# 1) Intro — Multi-Agent Nutritionist (Two Models)

This workshop uses **two cooperating agents**:

- **Consultant (Medical Expert) — `Qwen/Qwen3-30B-A3B-Instruct-2507-FP8`**  
  Acts as the *brain* for our medical expert agent. It has access to a **local OpenNutrition DB** (ingredient/nutrition data + potential health warnings).  
  It **assesses the ingredients** of a provided food item and returns an expert analysis plus **healthier alternatives**.

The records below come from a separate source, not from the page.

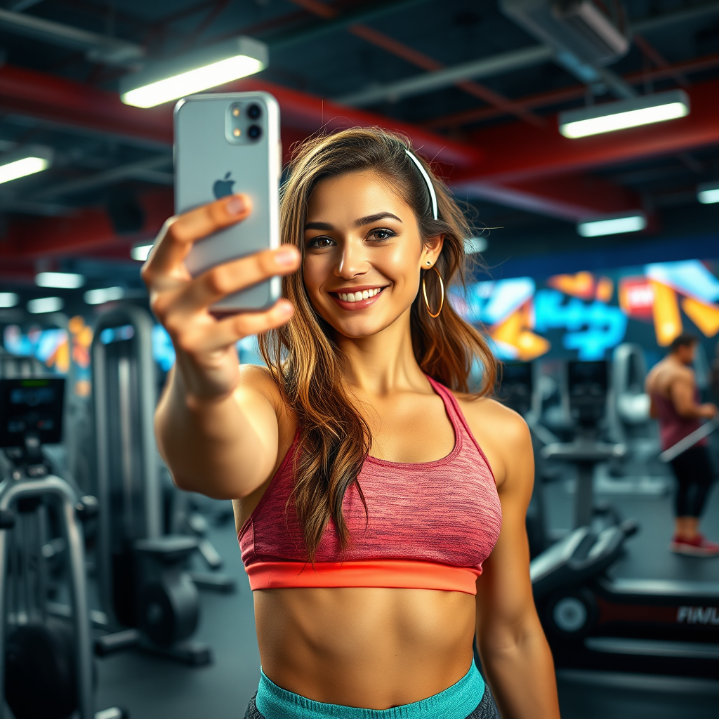 A young woman takes a selfie at a vibrant gym, capturing her confident smile and the bustling energy around her; she's surrounded by modern fitness equipment, the bright lights casting dynamic shadows, and her focus is palpable as she stands ready for an invigorating workout, wearing stylish, comfortable athletic wear that reflects her dynamic spirit, while the vivid colors and lively atmosphere create a sense of determination and vitality.
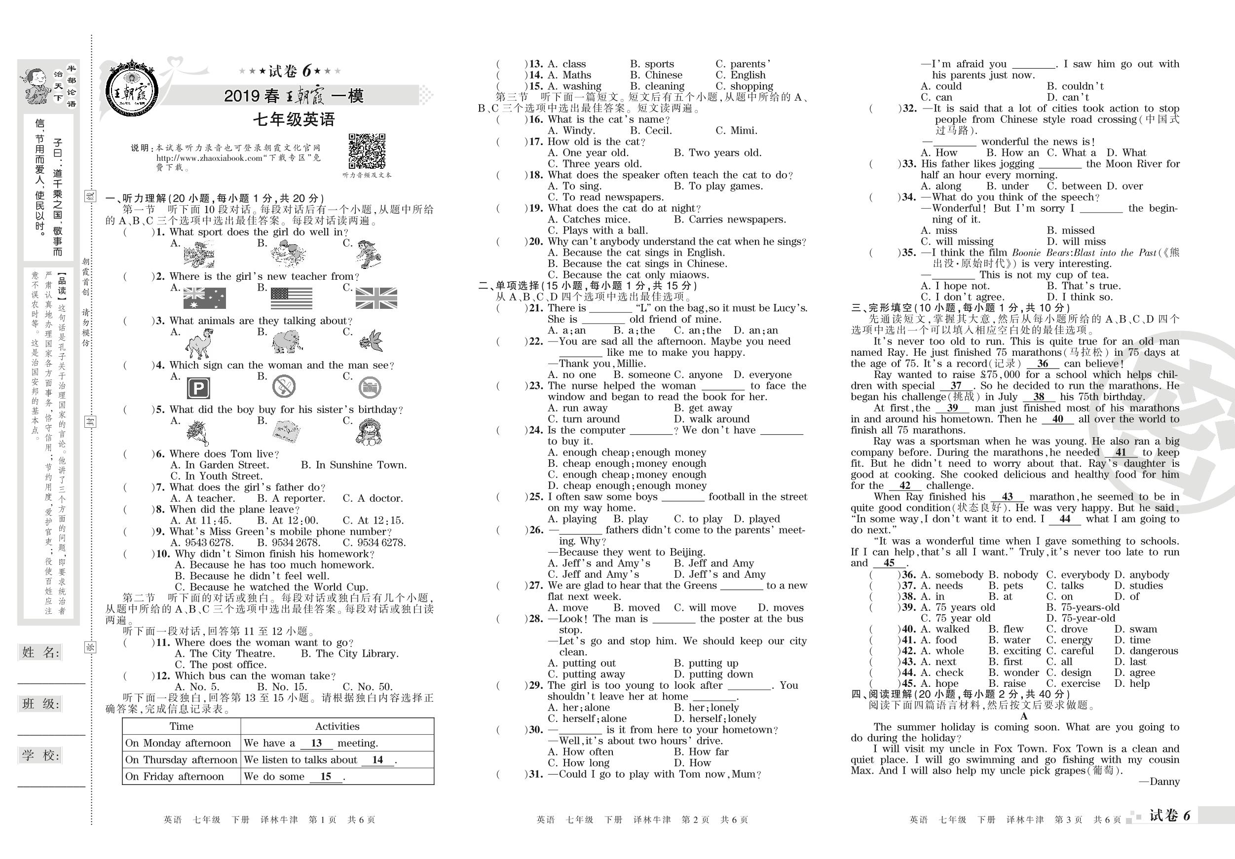 王朝霞期末模拟卷七年级下册英语(译林版)_R210807202127【6】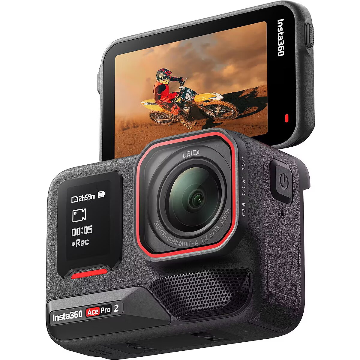 Rock-solid clarity, super high frames. Smoother, clearer action, Insta360 Ace Pro 2 handles whatever you throw at it. Wider views, less distortion 157° wide-angle lens. Capture it all and then some. A wider field of view takes POV shots to the next level. Perfect for creating a sense of speed on two wheels! MegaView. Less distortion and straighter, cleaner edges. MegaView unlocks a wider FOV, keeping your shot picture-perfect and exactly as you saw it. Ready for action All-new wind guard

- **Orchestrator (Vision + Retrieval) — `Qwen/Qwen3-VL-30B-A3B-Instruct-FP8`**  
  Accepts **images (labels/barcodes)** or **text**. Uses **OpenFoodFacts (OFF) API** tools to gather ingredients.  
  If OFF fails, it uses **EXA via MCP** as a fallback web search.  
  Finally, it **consults the expert agent** and produces a full analysis and suggested **healthier alternatives**.
  
![Architecture Overview](multi-agent-arch.jpg)

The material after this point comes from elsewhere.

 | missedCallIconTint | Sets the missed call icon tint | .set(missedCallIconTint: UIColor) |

# 2) Flow, Goals, and Agenda

## Flow (High Level)
1. Orchestrator receives input (image/barcode/text) for a snack/food.
2. Orchestrator looks up **ingredients** using **OFF API**; if not found, uses **EXA (MCP)**.
3. Orchestrator passes clean ingredients (or product name) to **Consultant**.
4. Consultant evaluates risks, flags concerns, and proposes **healthier alternatives**.
5. Orchestrator returns a concise, user-friendly **verdict + reasons + alternatives**.

## What You Will Build
- A **Vision-capable Orchestrator agent** (Qwen VL) with tools for **OFF** and **EXA (MCP)**.
- A **Consultant agent** (Qwen 30B text) backed by a **local OpenNutrition DB** toolset.
- The **glue** that lets the Orchestrator consult the Consultant automatically.

## What You Will Learn
- Running **open-weights** models with **vLLM** and **tool calling**.
- Turning LLMs into **agents** using **Pydantic AI**.
- Turning a **local DB** into a **callable tool** for an AI agent.
- Turning an **external API** (OpenFoodFacts) into a **callable tool**.
- Connecting a **web browser** using **MCP** with **EXA**.
- Wiring up **two agents to collaborate** on one task.

## Agenda (You’ll fill in the code cells)
1. Pre-reqs
2. Install dependencies & imports
3. Verify model endpoints
4. Smoke test the **Consultant** model
5. Build **Consultant** agent + tools (local DB)
6. Build **Orchestrator** agent + tools (OFF + EXA fallback)
7. Glue: Orchestrator calls Consultant
8. E2E examples



# 3) Pre-reqs — Running Two Models with vLLM

Briefly describe your environment and GPU (e.g., AMD ROCm + MI300X).  
You will launch **two** model servers in separate terminals:

- **Consultant**: `Qwen/Qwen3-30B-A3B-Instruct-2507-FP8` on **:9000**  
- **Orchestrator**: `Qwen/Qwen3-VL-30B-A3B-Instruct-FP8` on **:9001**

> Tip: Start them **sequentially** to avoid OOM.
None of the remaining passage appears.